§ ASSIGNMENT: Reproduce the listing below word for word and exclude any picture.

§ SUPPLIED MATERIAL:

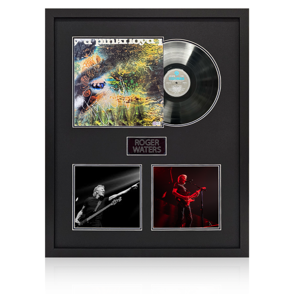 This fantastic looking display measuring approximately 860mm x 705mm contains the Pink Floyd LP signed by Roger Waters . This is presented with a plaque and two iconic performance photos. The autograph includes an official AFTA...
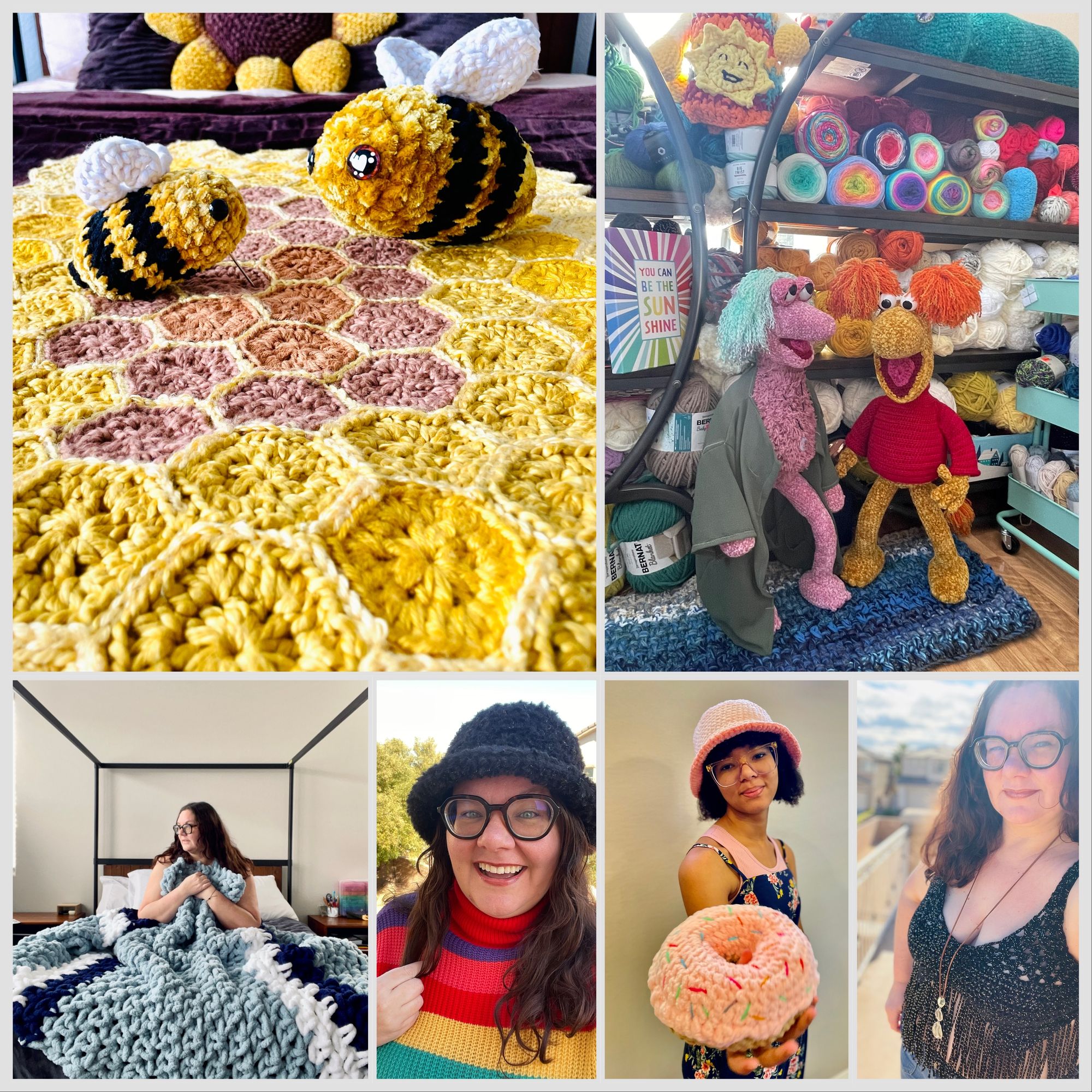 My name is Sarah, and I'm a mom. I started crocheting at 18 with friends in a dorm to help calm the stress of finals. And when I started my family, I started crocheting cute babies' and toddlers' winter accessories for photos. Over the years, my work has evolved to include plushies, earrings, clothing, and a little of everything in between.
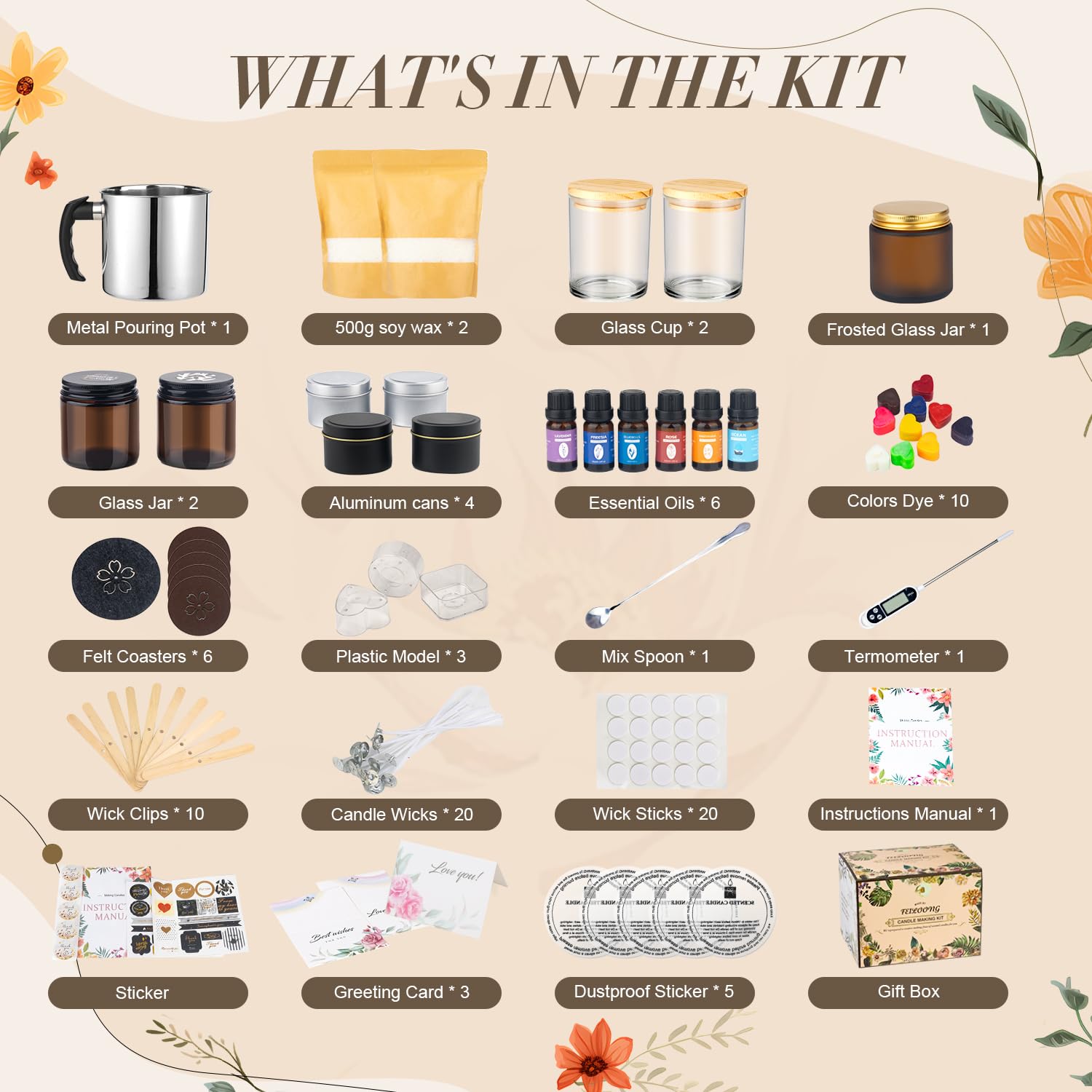 - COMPLETE CANDLE MAKING KIT: 1 kg soy wax (60 g ≈ 1 tin candle), 6 x essential oils, 1 x 1300ml metal pot, 20 x candle wicks, 20 x wick stickers, 10 x color dyes, 4 x candle tins, 5 x glass jars, 3 x plastic molds, 5 x wooden centering device, 1 x stirring spoon, 6 x heat insulation pads, several DIY stickers, 1 x instruction manual, 3 x blessing cards, 5 x dustproof paper, and more
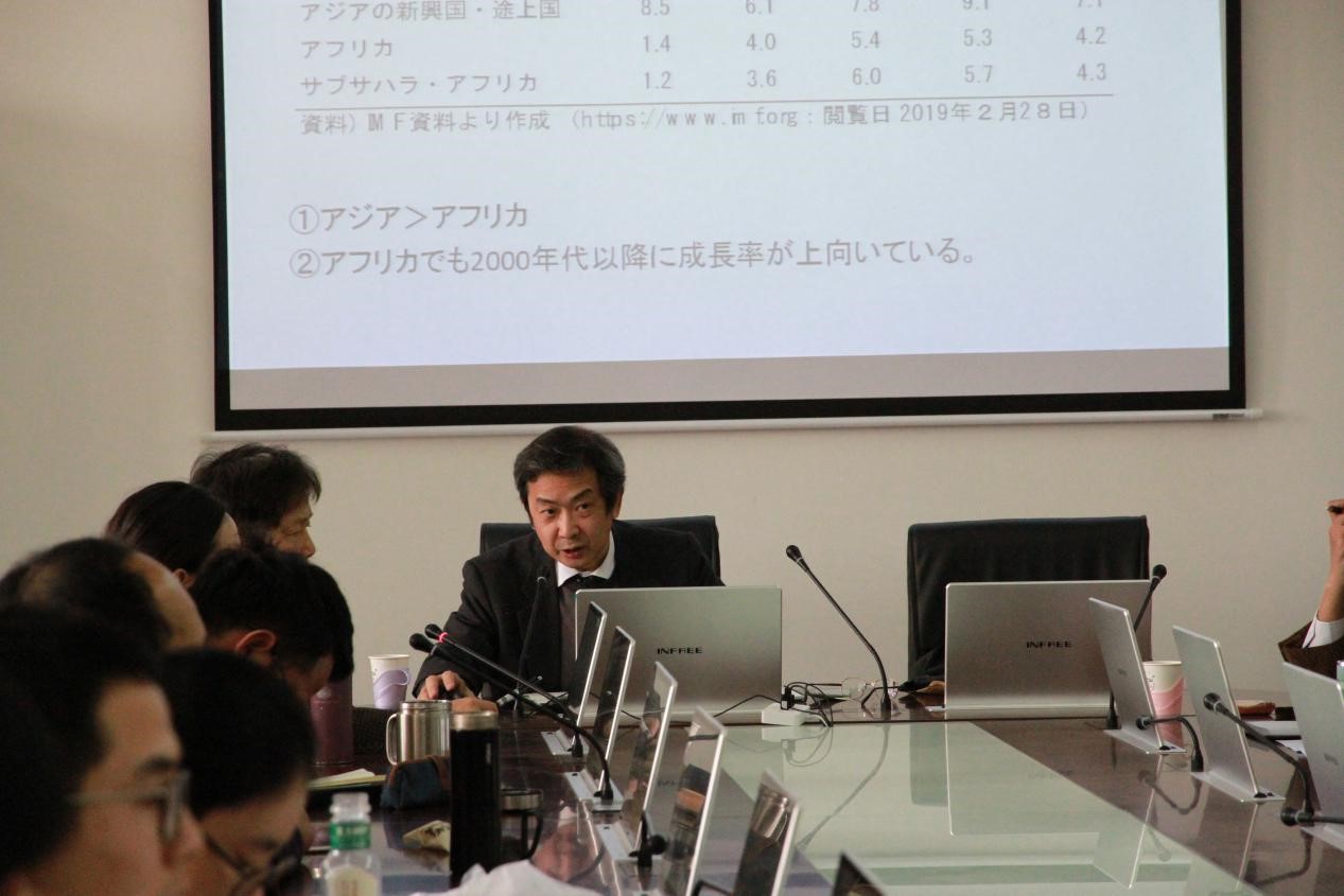 山崎亮一教授的讲座从农业经济研究方法、农业对经济发展贡献的文献研究、撒哈拉以南非洲与东南亚农业经济比较研究、研究结论四个方面展开。山崎教授首先介绍了以农村现地调查研究为主的研究方法,即选取不同地区的农户进行跟踪调查,一般一个村落40户左右。接下来山崎教授从农村购买、资金提供、劳动力三个方面阐述了国外学者在农业对经济发展贡献方面的观点总结,进一步提出自己的看法,认为亚洲与非洲劳动力成本差异的主要原因是工人的形成,而非以往研究的劳动生产力的差异。
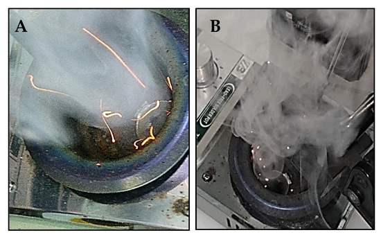 Figure 13. Furnace with an open nickel-measuring crucible gradually heated (10 °C/min). The compacted samples of 20% uPVC (hard)/AN (A) and 10% carbon/AN (B) were placed in the crucible.
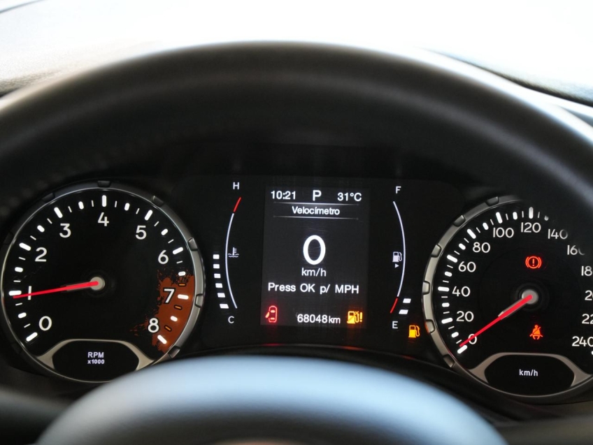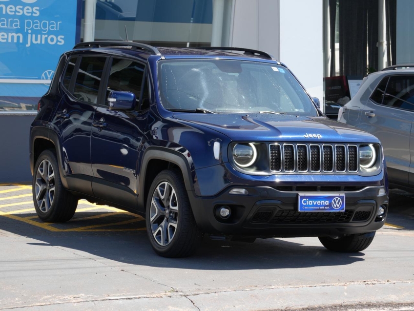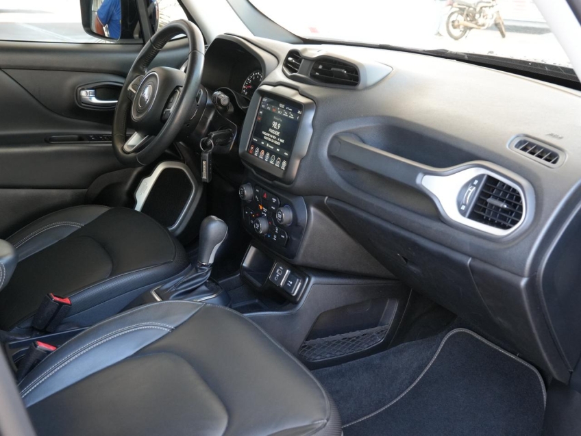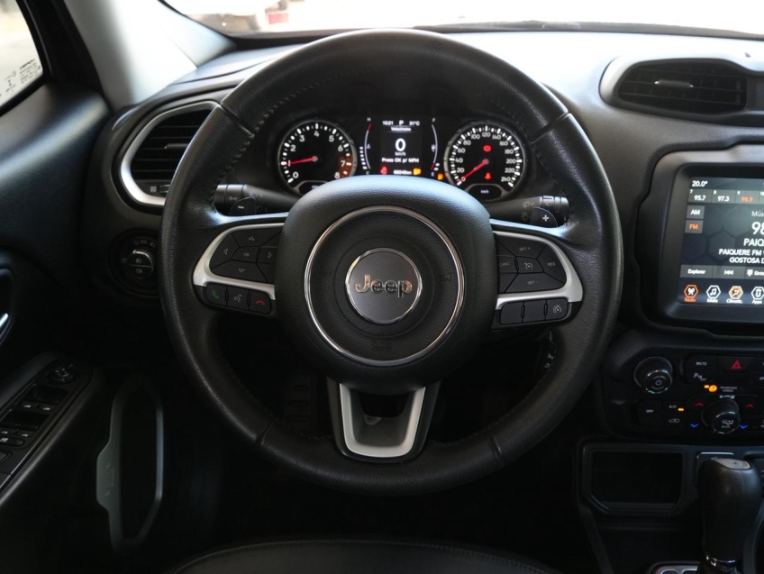 Jeep Renegade Longitude 1.8 Flex Automático 2020/2021 - versão Longitude com motor 1.8 flex, câmbio automático AT6, direção elétrica e pacote completo de conforto e segurança. Equipado com ar-condicionado digital, central multimídia com Android Auto e Apple CarPlay, controle de estabilidade, sensores de estacionamento e rodas de liga leve. Excelente opção de SUV compacto confortável e moderno.

§ EXERCISE ANSWER:
 This fantastic looking display measuring approximately 860mm x 705mm contains the Pink Floyd LP signed by Roger Waters . This is presented with a plaque and two iconic performance photos. The autograph includes an official AFTA...
 My name is Sarah, and I'm a mom. I started crocheting at 18 with friends in a dorm to help calm the stress of finals. And when I started my family, I started crocheting cute babies' and toddlers' winter accessories for photos. Over the years, my work has evolved to include plushies, earrings, clothing, and a little of everything in between.
 - COMPLETE CANDLE MAKING KIT: 1 kg soy wax (60 g ≈ 1 tin candle), 6 x essential oils, 1 x 1300ml metal pot, 20 x candle wicks, 20 x wick stickers, 10 x color dyes, 4 x candle tins, 5 x glass jars, 3 x plastic molds, 5 x wooden centering device, 1 x stirring spoon, 6 x heat insulation pads, several DIY stickers, 1 x instruction manual, 3 x blessing cards, 5 x dustproof paper, and more
 山崎亮一教授的讲座从农业经济研究方法、农业对经济发展贡献的文献研究、撒哈拉以南非洲与东南亚农业经济比较研究、研究结论四个方面展开。山崎教授首先介绍了以农村现地调查研究为主的研究方法,即选取不同地区的农户进行跟踪调查,一般一个村落40户左右。接下来山崎教授从农村购买、资金提供、劳动力三个方面阐述了国外学者在农业对经济发展贡献方面的观点总结,进一步提出自己的看法,认为亚洲与非洲劳动力成本差异的主要原因是工人的形成,而非以往研究的劳动生产力的差异。
 Figure 13. Furnace with an open nickel-measuring crucible gradually heated (10 °C/min). The compacted samples of 20% uPVC (hard)/AN (A) and 10% carbon/AN (B) were placed in the crucible.
 Jeep Renegade Longitude 1.8 Flex Automático 2020/2021 - versão Longitude com motor 1.8 flex, câmbio automático AT6, direção elétrica e pacote completo de conforto e segurança. Equipado com ar-condicionado digital, central multimídia com Android Auto e Apple CarPlay, controle de estabilidade, sensores de estacionamento e rodas de liga leve. Excelente opção de SUV compacto confortável e moderno.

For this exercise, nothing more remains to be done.